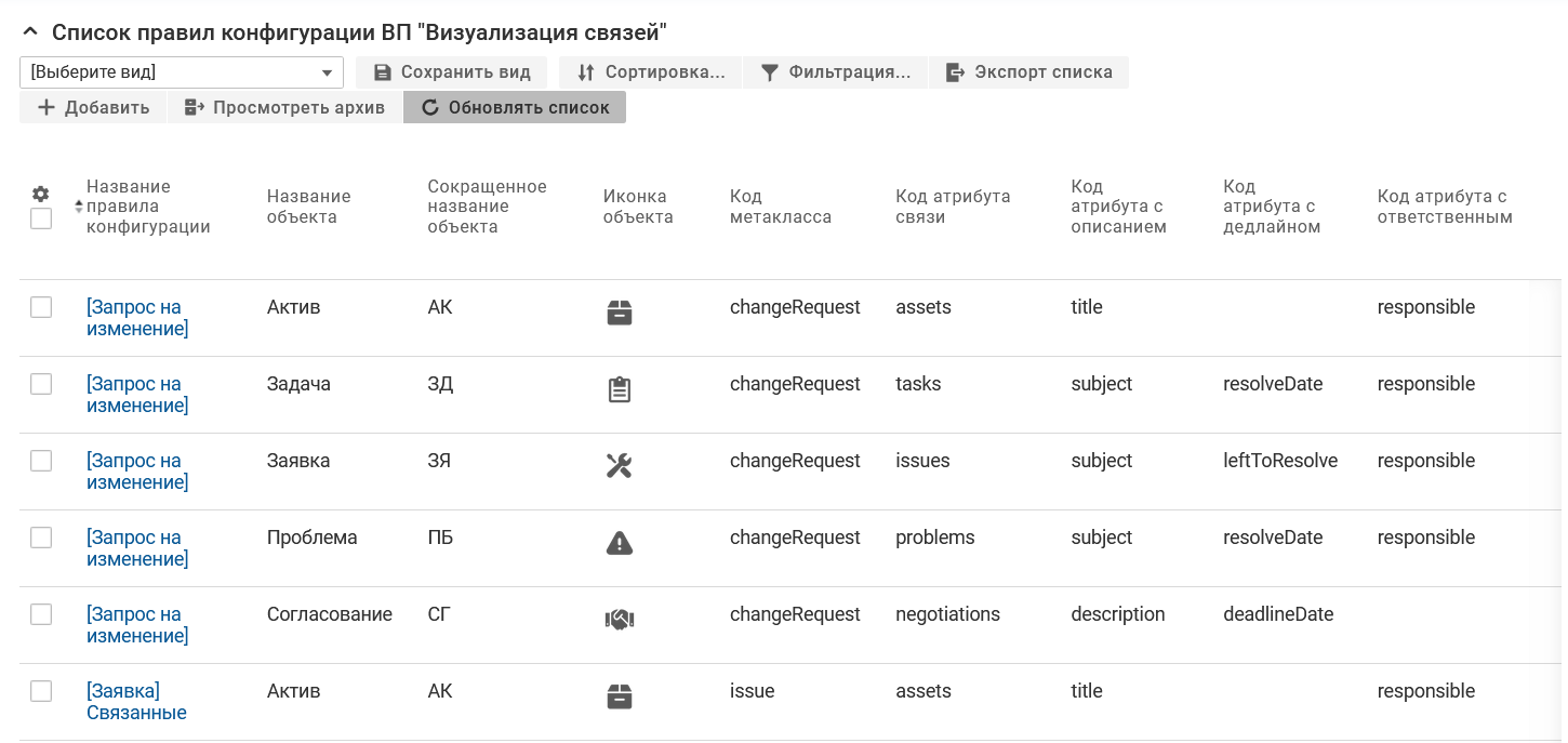 По итогам загрузки метаинформации в системе создается класс "Правило конфигурации ВП" и вложенный тип "Визуализация связей", а также справочник "Иконки для ВП "Мультиклассовый список связей".
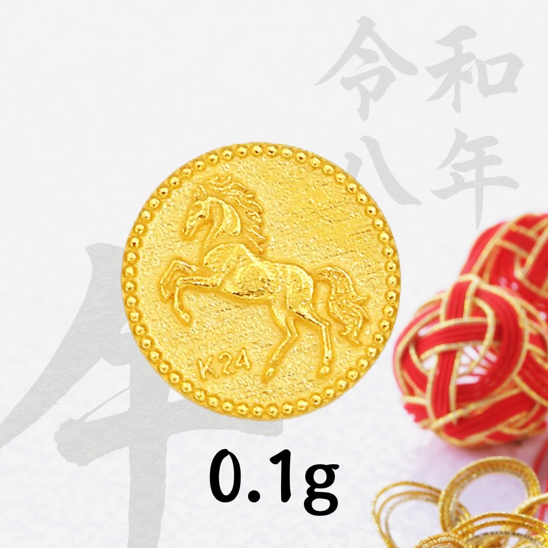 【超早割価格】純金の午年のお守り「コイン 全身」約0.1g。「令和八年」「干支シリーズ」。
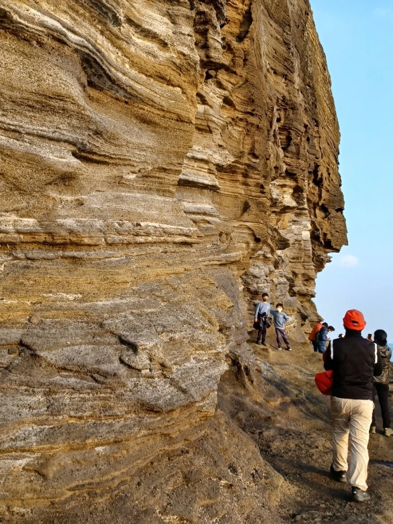 수백만 년 전 제주도 일대는 점토와 모래층이 바닷물에 드러났다 잠겼다 하는 얕은 바다였단다.
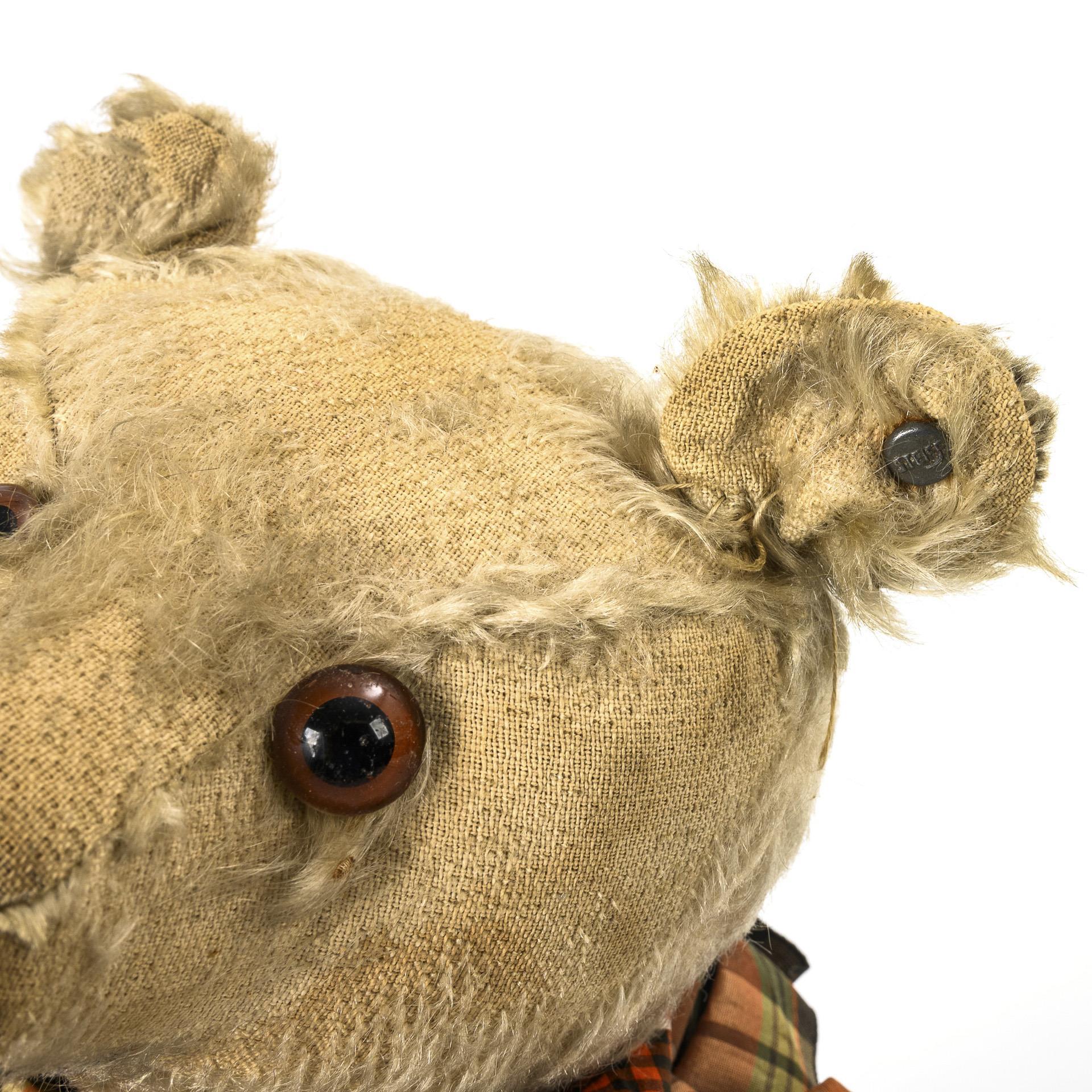 White Steiff teddy (possibly a teddy clown) with dark embroidery, front paws sewn over with fabric, loose stuffing, checkered fabric bow, button with long "F", L 45 cm. / High quality Thuringian? Teddy with very pointed muzzle, blond, glass eyes, black embroidery, one of the felt paws overstitched, l 49 cm. / Wheeled dog with high-quality frame, shoe button eyes, red felt inner ears, nose garnish and 3 claws, bald patches of fur, 34 x 40 cm. Comes with an old children's accordion, marked "Victorian Squeeze Box". All animals with strong signs of age and repairs, bald patches.
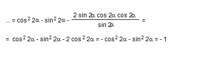 использованы формулы: косинус двойного угла, синус двойного угла, зависимость котангенса от синуса и косинуса, основное тригонометрическое тождество
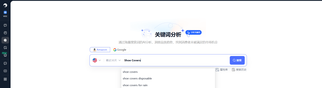 我选择了鞋套这个看似很普通的品类。输入"Shoe Covers"后,系统生成了完整的关键词分析报告,结果真的让我重新认识了这个品类。
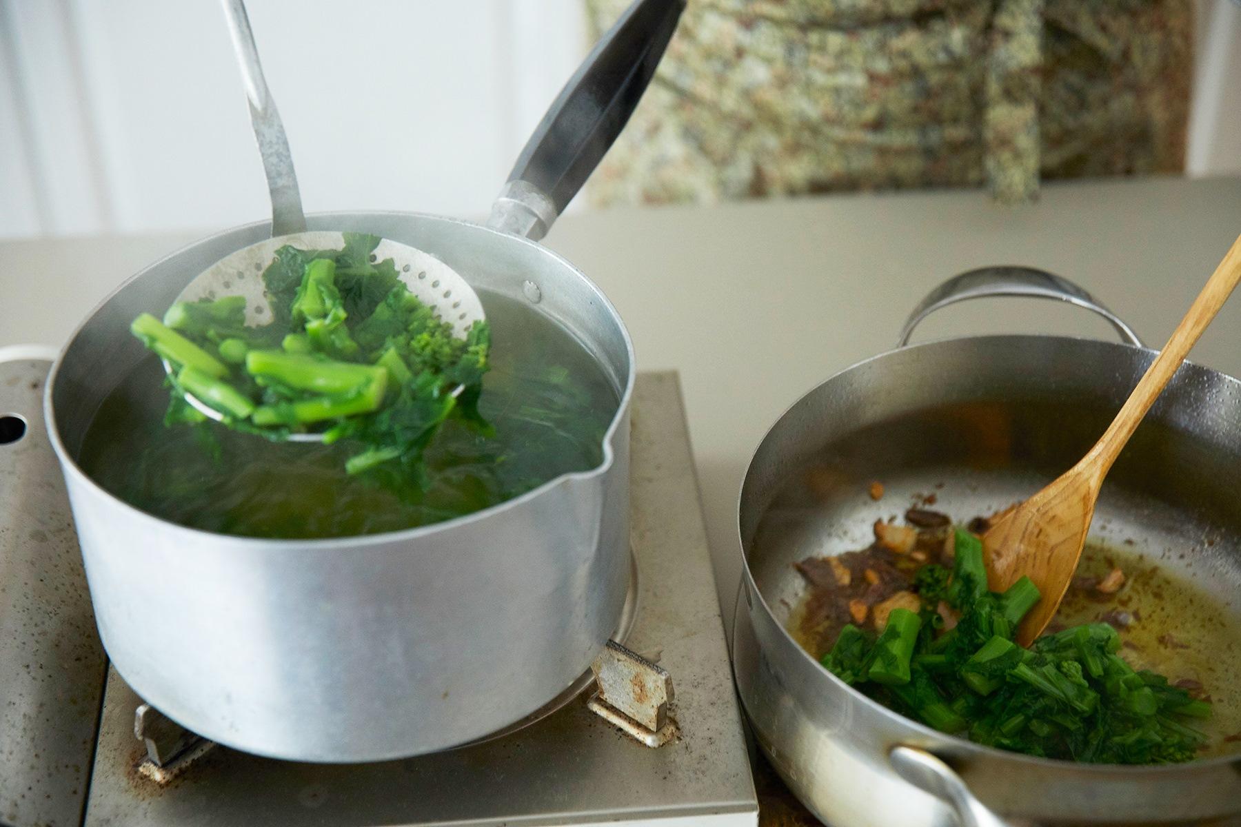菜の花のような苦味のある野菜は、オイルとの相性が抜群。洋風料理に使ってみると、新しい発見があります。くたくたに煮た菜の花のソースでつくるオレキエッテをつくってみましょう。

=======

▶ **What to do**: Set down exactly the lines from the start of the records through the line containing "수백만 년 전 제주도", both included, and omit the pictures.

▶ **Result for this task**:
 По итогам загрузки метаинформации в системе создается класс "Правило конфигурации ВП" и вложенный тип "Визуализация связей", а также справочник "Иконки для ВП "Мультиклассовый список связей".
 【超早割価格】純金の午年のお守り「コイン 全身」約0.1g。「令和八年」「干支シリーズ」。
 수백만 년 전 제주도 일대는 점토와 모래층이 바닷물에 드러났다 잠겼다 하는 얕은 바다였단다.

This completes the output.